The reform of the German Real Estate Transfer Tax (RETT) Act took a decisive step towards implementation. Since the RETT reform focuses on share transactions relating to all corporations and partnerships owning German real estate, this is relevant for a great number of M&A transactions and corporate restructurings.

Main points of the German RETT reform

After more than two years of discussions, the main points of the May 2019 draft proposal (see the previous blog posts from May 2019 and September 2019) are to be enacted almost unchanged. The finance committee of the German parliament has this week passed an amendment proposal which is expected to be adopted in the German parliament (Bundestag) on 21 April 2021 and in the second chamber (Bundesrat) on 7 May 2021. The proposal is, from a conceptual point of view, generally in line with the previous draft bills. 

The main points of the German RETT reform are:

  • The relevant threshold for the taxation of share deal transactions will be lowered from 95% to 90%. This means that under the already existing provisions which provide for the taxation of share deal transactions, RETT will be triggered in the future upon the occurrence of one of the following events:
    • the transfer of at least now 90% of the shares in a real estate-holding partnership (but not a corporation) within a fixed number (now ten) years to (any number of) new shareholders upon completion of the transfer (New Partnership Rule),
    • the unification of at least now 90% of the shares in a real estate-holding company (partnership or corporation) in the hands of a single owner or a group of related shareholders (Unification Rule), and
    • the holding of an economic participation of at least now 90% in a real estate-holding company (partnership or corporation) in the hands of a single owner (Economic Participation Rule
  • All existing (i.e., not yet expired) watching periods of five years shall now be extended to ten years. This applies to:
    • the New Partnership Rule mentioned above, and
    • certain exemption provisions for transactions within partnership structures
  • At the core of the reform act is the introduction of a "New Corporation Rule" which is modelled after the existing New Partnership Rule: under the New Corporation Rule, an exchange of the shareholder base of property-owning corporations of at least 90% of the company’s capital within a period of ten years will trigger RETT, even if there is no single shareholder or group of related shareholders who eventually control the real estate owning company. This means that only an existing shareholder can act as a so-called RETT blocker by remaining invested with more than 10%.

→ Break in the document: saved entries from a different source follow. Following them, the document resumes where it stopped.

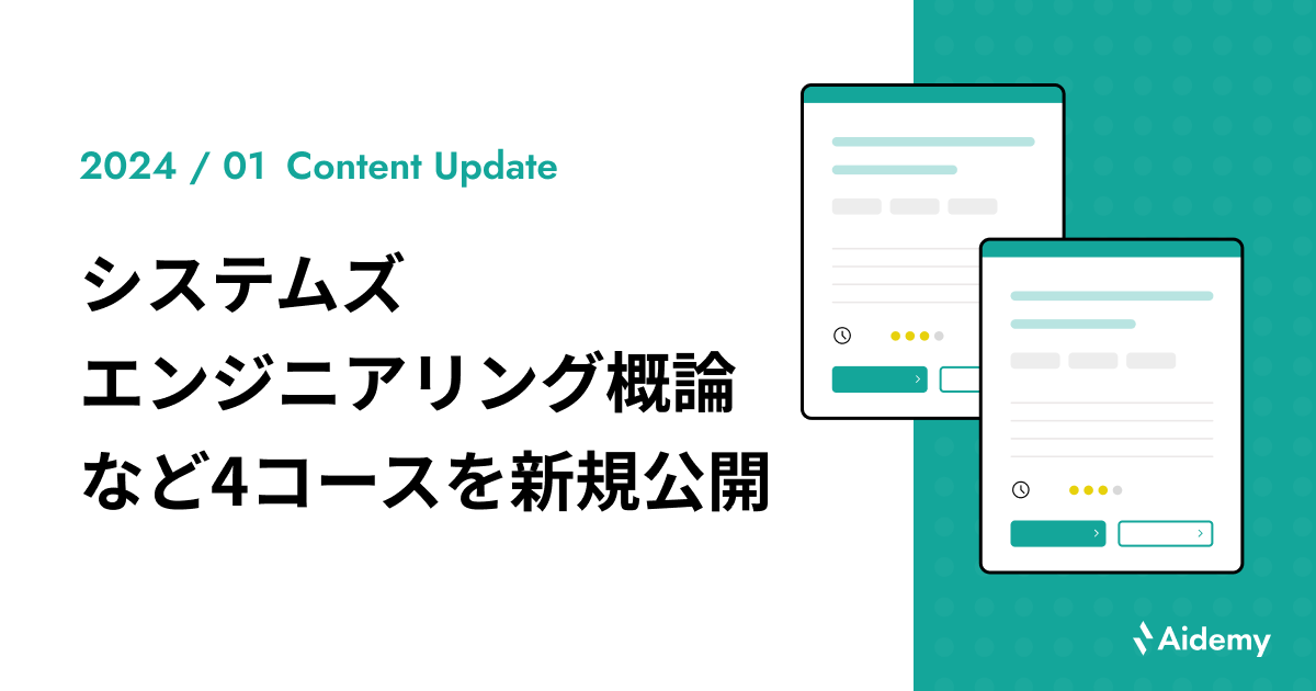 2024年1月は、DXを含めたプロジェクト推進に有用な「複雑さに対応するためのシステムズエンジニアリング概論」や「未知の課題に立ち向かう:課題設定力向上のすすめ」など、全4コースをリリースいたしました。
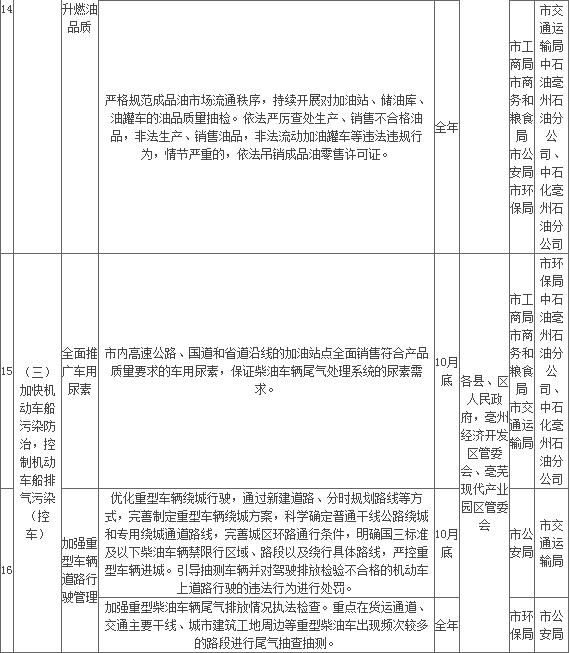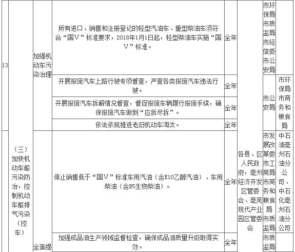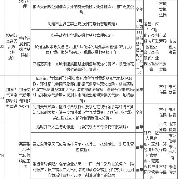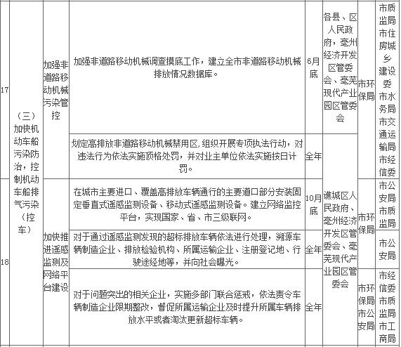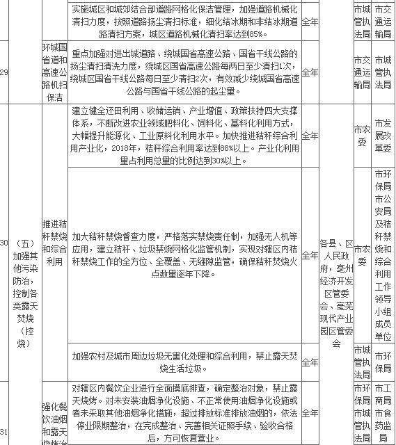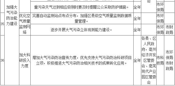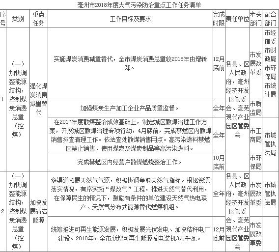 附件:亳州市2018年大氣污染防治重點工作任務清單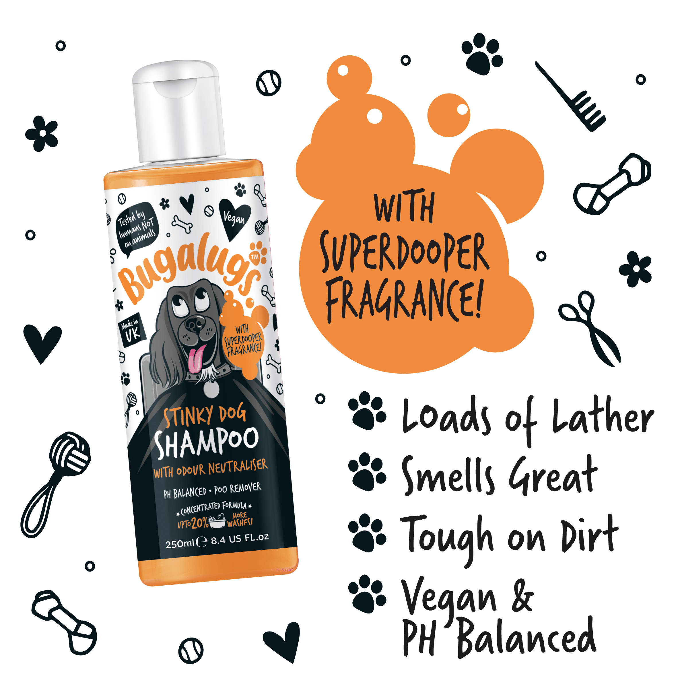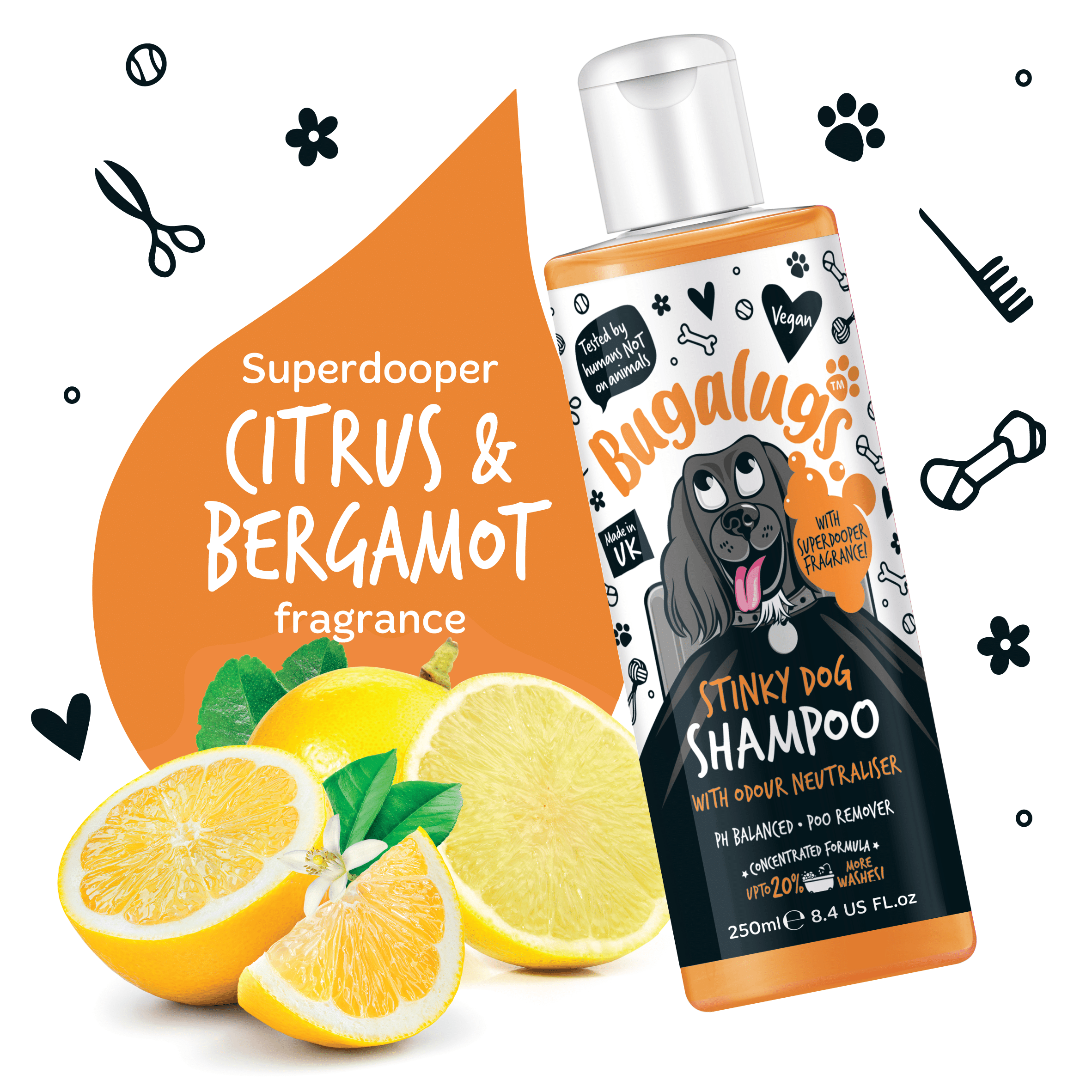 Bugalugs Stinky Dog šampón pre páchnucich psov obsahuje neutralizátor zápachu, ktorý eliminuje nežiadúce pachy a zanecháva dlhotrvajúcu sviežu vôňu citrusov a bergamotu.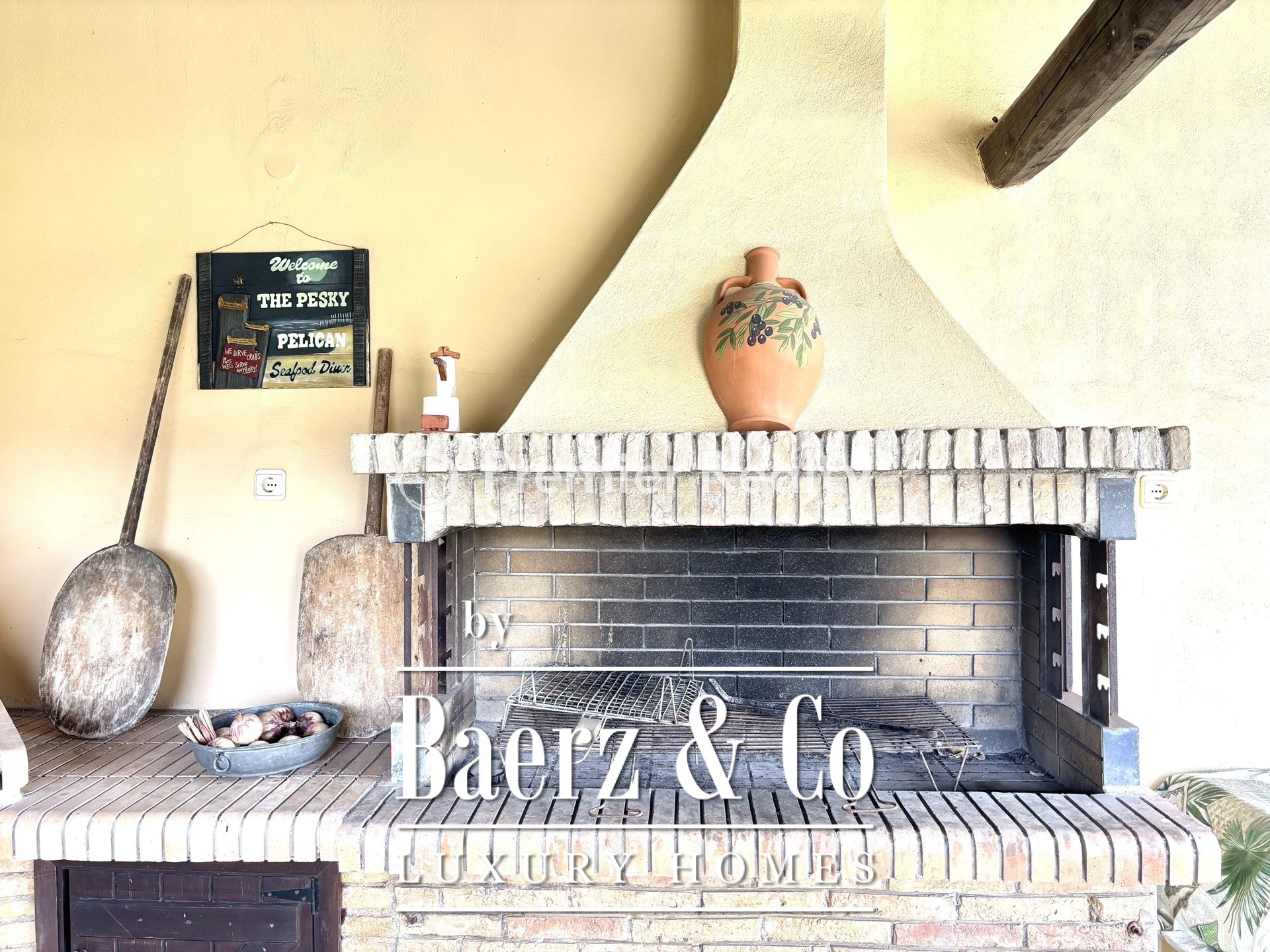 A 25 sq.m. infinity pool is the focal point of the outdoor spaces, set against panoramic sea views. Manicured gardens with automatic irrigation, shaded terraces, and balconies create multiple settings for relaxation. A dedicated built-in BBQ area with wood oven and al fresco dining space invites gatherings with family and friends, embodying the Mediterranean lifestyle. With the beach just 200 m away, the residence seamlessly combines privacy with coastal ease.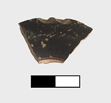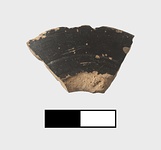 | Description: | Small fragment preserving less than 15% of original circumference of foot; chipped at edge. Tall flaring ring foot rounded on underside. Both faces with shiny black glaze. Incised line pre-glaze on exterior face. Pinkish-orange fabric. Attic. | |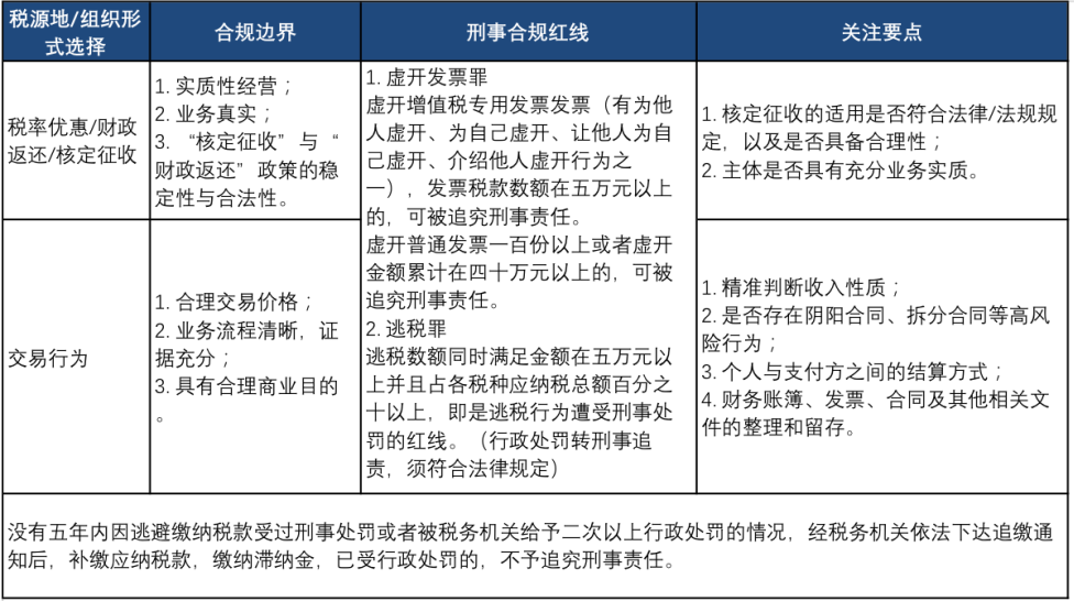 結(jié)合目前直播電商賽道中常用的個稅成本控制模式,我們建議企業(yè)/個人在考慮建構(gòu)/重塑個稅合規(guī)結(jié)構(gòu)時,應(yīng)嚴(yán)格遵循以下邊界: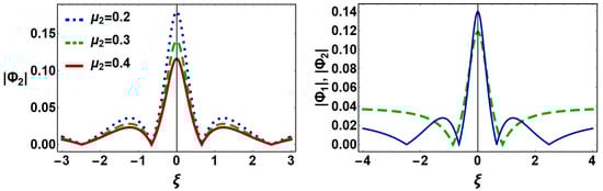 where , , and . In Equation (19) and (20), to get the positive value of , the condition must be satisfied. In the fast DIA mode, both inertial ion and dust oscillate in phase with the inertialess electrons. While in the slow DIA mode, one of the inertial elements ion (dust) oscillates in phase with the inertialess electrons, and other inertial element dust (ion) oscillates in anti-phase with them [40,41]. Both the fast and slow DIA modes have been analyzed numerically in Figure 1 in the presence of super-thermal electrons. Figure 1 (left panel) shows that the frequency of the DIAWs can be higher than ion–plasma frequency. In this regard, we note that in the absence of dust, the frequency of the ion–acoustic waves is always less than the ion–plasma or ion–Langmuir frequency. However, the phase speed of the DIAWs increases with the magnitude of the dust charge () and dust number density (). This is due to the extra space charge electric field created by the highly negative charged dust grains. This is theoretically predicted by Shukla and Silin [42], and experimentally observed by Barkan et al. [43]. Thus, as the magnitude of the dust charge () or dust number density () increases, the frequency of the DIAWs increases; even it can exceed the ion–plasma or ion–Langmuir frequency. On the other hand, the dispersion curve of the slow DIA mode shown in Figure 1 (right panel) clearly indicates that the frequency of the slow DIA mode is always less than the ion–plasma or ion–Langmuir frequency even in the presence of highly negatively charged dust. The second-order (when with ) equations are given by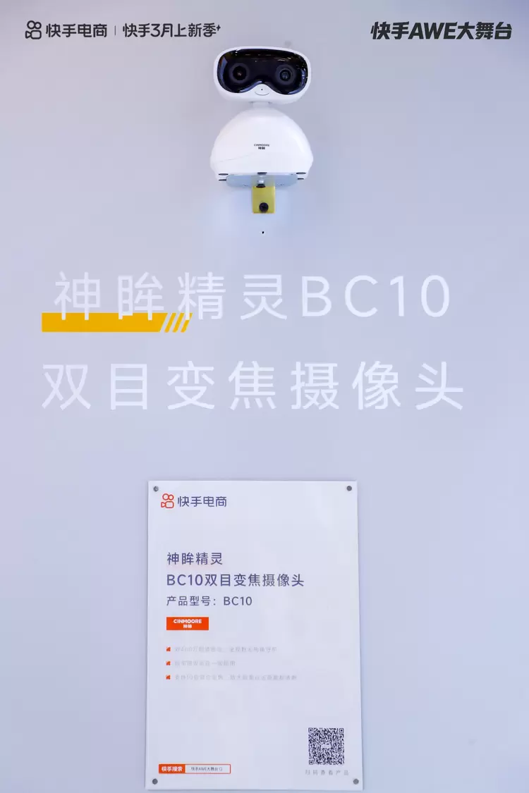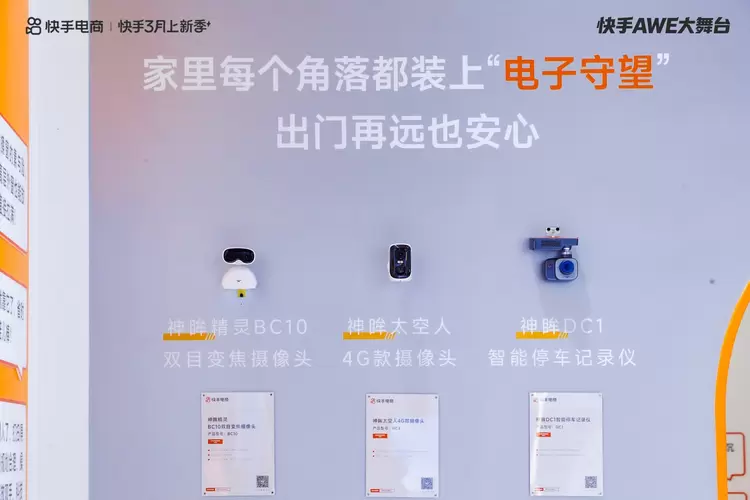 在众多品牌中,智能安防领域新锐神眸携手快手电商惊艳亮相,以"家里每个角落都装上'电子守望',出门再远也安心"为核心主张,重磅发布全新BC10双目变焦摄像头,并同步展出BC4 4G摄像头与DC1智能停车记录仪,三款产品联袂出击,共同构筑覆盖室内、室外、车载的全场景智能守望体系。
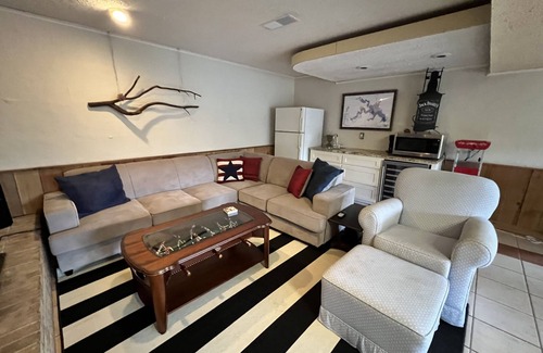 Note: There are steps going down to the house, and then when you walk in the door you take a few steps to the upper level or a few steps to the lower level. This house is not wheelchair accessible and is a good fit for those who are comfortable climbing stairs.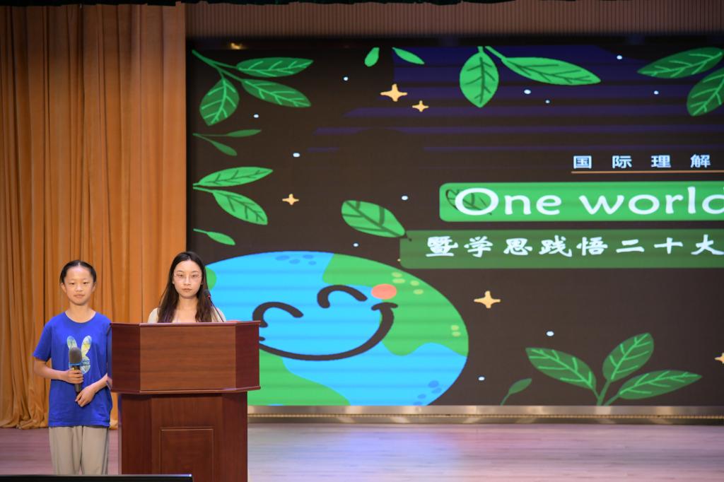 金奕炜老师和朱嘉懿同学聚焦国际理解教育项目,合作介绍了实小师生共同参与的世界地球日绿色环保行动。
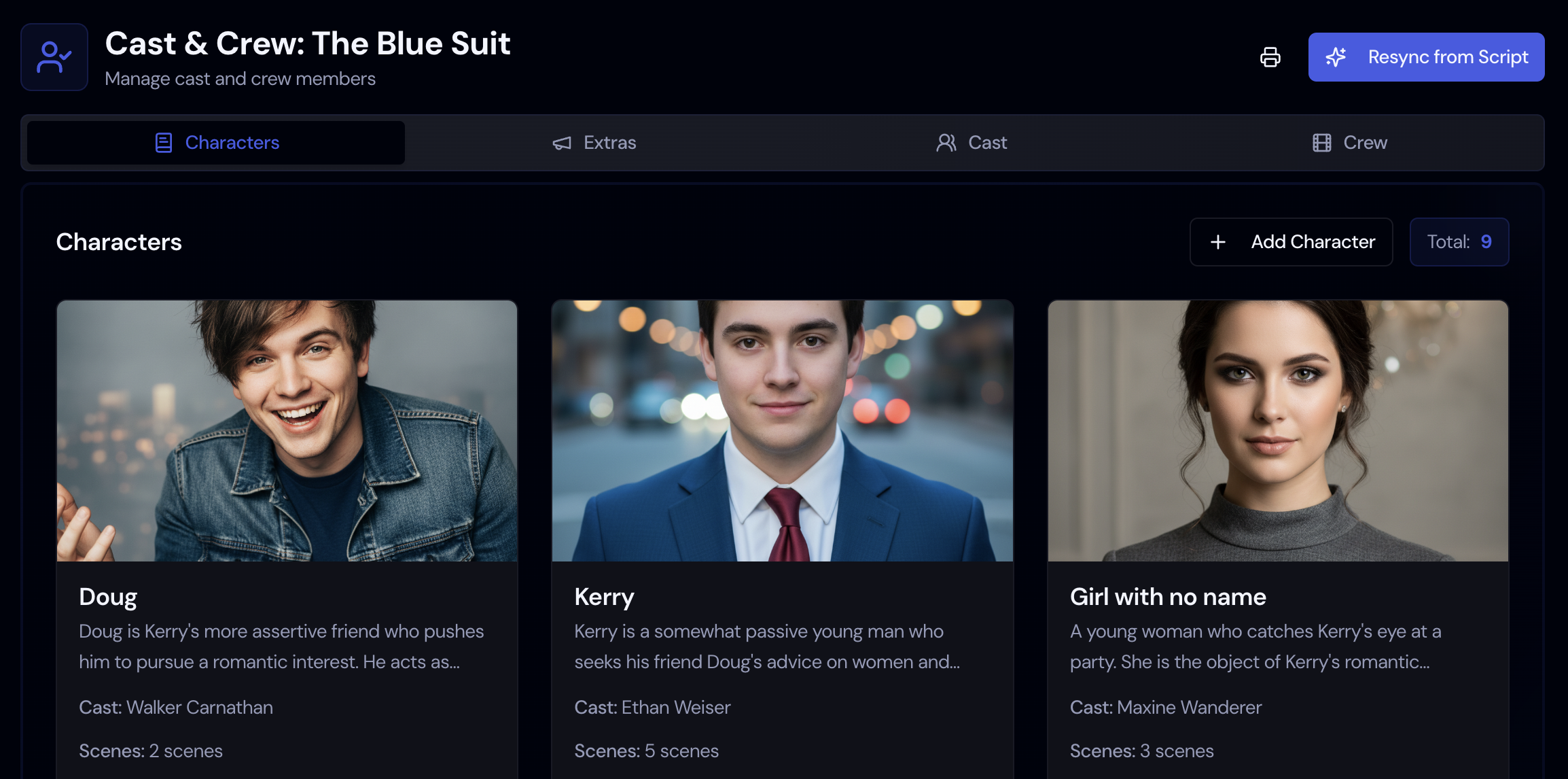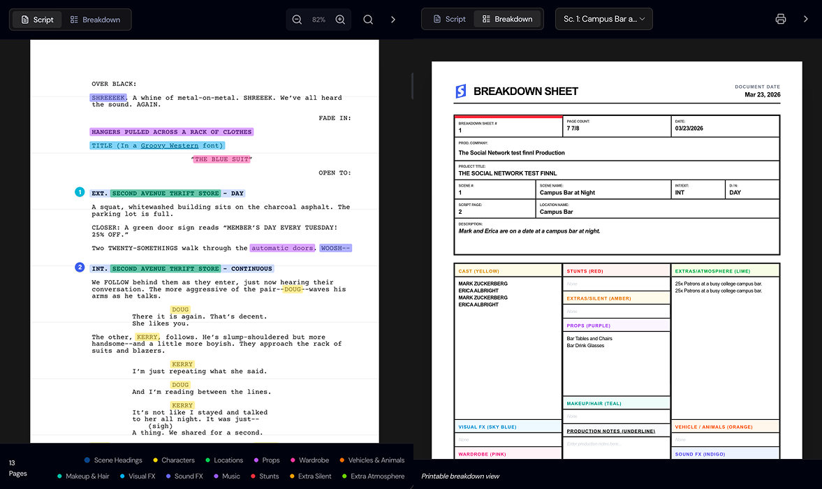 Storiara instantly analyzes your script to pull all key production elements. In seconds, you can extract characters, scenes, locations, props, and wardrobe directly from your screenplay, transforming weeks of manual breakdown work into an automated workflow.

Exemption for transactions on authorized stock exchanges

On the positive side of the new proposal it does – contrary to previous draft bills – provide for an exemption for stock exchange transactions in shares of listed companies. There had been concern that under the New Corporation Rule publicly listed companies could become subject to RETT every time their shareholder base changed by 90%. This would have put companies without a stable anchor shareholder with a permanent minimum stake of more than 10% clearly at a disadvantage and there were serious and justified concerns both how taxpayers (i.e., the publicly listed companies) could monitor it and how tax authorities could enforce it in practical terms. The exemption for listed companies brings the much desired relief. However, the exemption requires a listing on stock exchanges authorized under the German Securities Trading Act (or certain equivalent EU/EEA/other stock exchanges) and applies only to trades conducted there. OTC transactions will not be covered.

Scope and application

The fact that the changes will not take effect retroactively but only apply to transactions occurring after 30 June 2021 has also been positively received. Still, there are some nuances, and it should be carefully considered in each case whether the new rules may still be relevant for previous or pending transactions. This holds particularly true in the following cases:

  • Transactions signed before 1 July 2021 but only closed afterwards will be subject to the new rules.
  • For the purposes of the watching period under the New Partnership Rule, only transactions which are still within the five year watching period (i.e., such after 1 July 2016) shall be considered under the new rules, older transactions are not to be considered. For the purposes of the watching period under the New Corporation Rule, transactions before 1 July 2021 may not be considered at all which is a change compared to the principles of the May 2019 draft.
  • For structures in which an investor had already crossed the now applicable 90% threshold when the new rules apply, but fell short of the old 95% threshold, a "windfall profit" should be avoided and the old regime still applies: RETT is triggered if such investor increases its share above to 95%.

Valuation and outlook

The new rules will substantially broaden the scope of the taxation of share deal transactions. It will also become more complex to avoid RETT in the future by setting-up joint investment structures not only because the threshold is reduced to 90%, but also (and even more so) because the New Corporation Rule now also captures the exchange of the shareholder in cases in which no single investor reaches the 90% threshold. However, it can be seen as a success from the taxpayer's perspective that claims for an even further extension of taxation rights – most notably a lowering of the threshold to only 75% as demanded by the Social Democrats – were dismissed. The fact that the new rules remain, from a conceptual point of view, essentially in line with the existing system of the taxation of share deal transactions, should provide investors in the foreseeable future at least with a reasonable level of legal certainty.